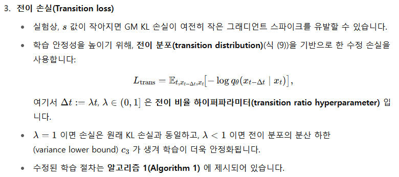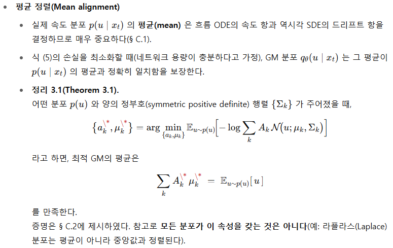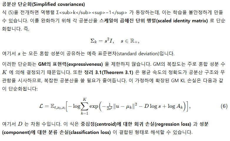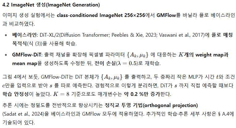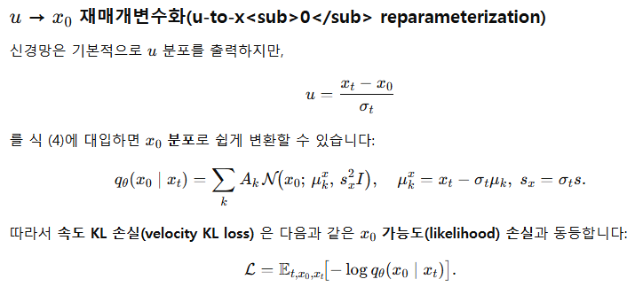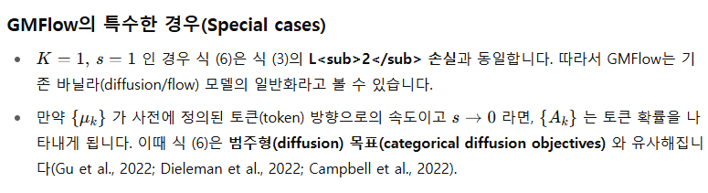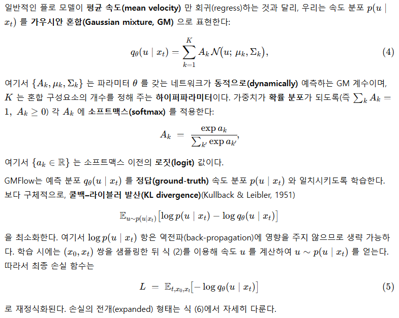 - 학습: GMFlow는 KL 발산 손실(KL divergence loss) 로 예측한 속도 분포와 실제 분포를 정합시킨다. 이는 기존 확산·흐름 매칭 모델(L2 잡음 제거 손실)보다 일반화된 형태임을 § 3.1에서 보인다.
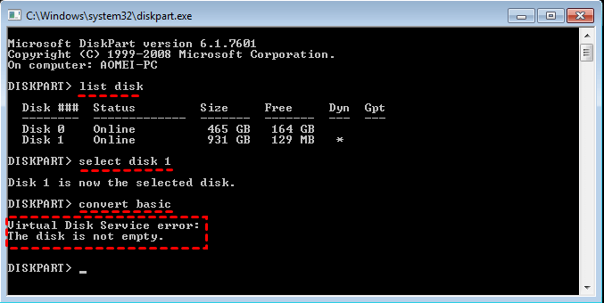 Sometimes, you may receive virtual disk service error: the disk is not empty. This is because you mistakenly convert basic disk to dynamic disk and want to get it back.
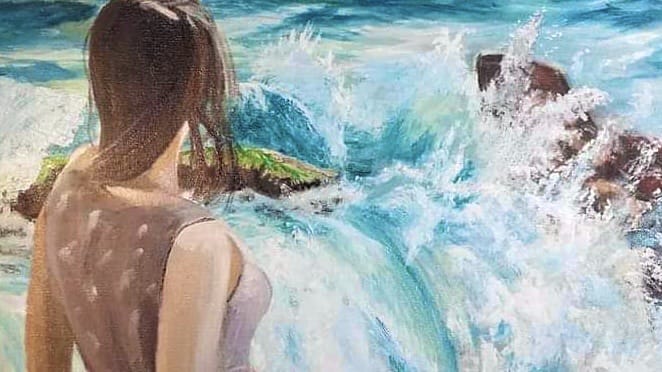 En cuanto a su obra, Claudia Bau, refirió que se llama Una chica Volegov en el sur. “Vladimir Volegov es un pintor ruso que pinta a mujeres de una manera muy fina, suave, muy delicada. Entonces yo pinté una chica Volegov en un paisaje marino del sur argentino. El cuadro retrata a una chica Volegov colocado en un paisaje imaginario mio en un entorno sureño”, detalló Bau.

TASK DESCRIPTION – Ignoring the pictures, write out word for word only the lines from the one containing "Sometimes, you may" through the last line of the data, both ends included.

EXERCISE OUTPUT –
 Sometimes, you may receive virtual disk service error: the disk is not empty. This is because you mistakenly convert basic disk to dynamic disk and want to get it back.
 En cuanto a su obra, Claudia Bau, refirió que se llama Una chica Volegov en el sur. “Vladimir Volegov es un pintor ruso que pinta a mujeres de una manera muy fina, suave, muy delicada. Entonces yo pinté una chica Volegov en un paisaje marino del sur argentino. El cuadro retrata a una chica Volegov colocado en un paisaje imaginario mio en un entorno sureño”, detalló Bau.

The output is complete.